Questiono-me se as “decisões” de Markopoulos, em vez de serem previamente decididas, não se vão sucedendo e evoluíndo. Será possível que sejam de uma natureza caótica, imagens que surgem de repente de uma região a quatro dimensões? Recordei-me de uma passagem da Evolução Criativa de Bergson, que descreve o que vi enquanto observava Markopoulos a trabalhar. Encontrei essa passagem num capítulo chamado “O Mecanismo Cinematográfico do Pensamento e a Ilusão Mecanística”:

“Quando pensamos, nos expressamos ou percebemos esse devir”, escreveu Bergson, “dificilmente fazemos outra coisa a não ser accionar uma espécie de cinematógrafo dentro de nós…Cada uma das nossas acções almeja a uma relativa inclusão da nossa vontade na realidade. Existe, entre o nosso corpo e os outros corpos, uma ordenação semelhante à de peças de vidro que compõem uma imagem caleidoscópica. A nossa tarefa é ordenar e reordenar, agitando a cada vez o caleidoscópio, mas sem ter interesse nesse movimento, apenas vendo a imagem que daí surge.”

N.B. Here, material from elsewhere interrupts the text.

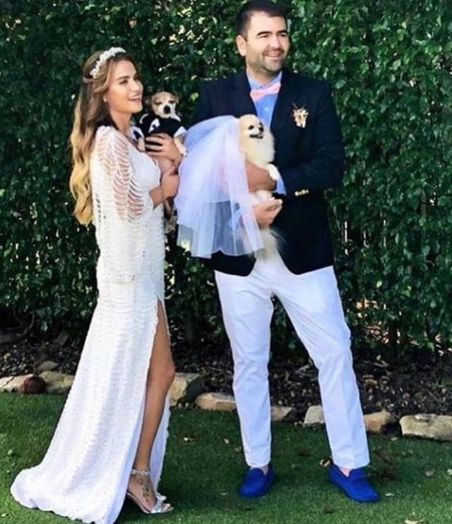 Çift, bu mutlu günlerinde köpeklerini de gelin ve damat kıyafetiyle süsledi. Damat Buğra Toplusoy'un renkli ayakkabıları ise ilgi çekti.

Pensei na técnica de “montar dentro da câmara” deste reputado mágico. Antes de trabalhar com Markopoulos, supunha que confiar num tal método poderia criar resultados comparáveis aos que se obtêm num jogo, agora em desuso – a competição em que um concorrente vendado tem de encontrar a cauda do burro.

Pelo que consegui perceber, “fazer a montagem dentro da câmara”, resulta no tipo de prática que se podia esperar de um cineasta com um olhar de raio-x. Um tal artista talvez recorresse a um sentido do espaço como o que expõs C. H. Hinton nos seus livros, A New Era of Thought e The Fourth Dimension. Hinton desenvolveu uma série de exercícios com aglomerados de cubos coloridos, com os quais procurava despertar um sentido do espaço a quatro dimensões. Os exercícios complexos eram factuais e objectivos, e acreditava-se serem ao mesmo tempo capazes de permitir ao estudante ou ao praticante convicto uma forma de visão interior.

Quaisquer que sejam as formas que Gregory Markopoulos encontrou para “ver” o movimento que se dá dentro da sua câmara, pode dizer-se que o modo como vê é tão nítido, tão claro, que produz resultados de uma precisão e beleza sobrenaturais.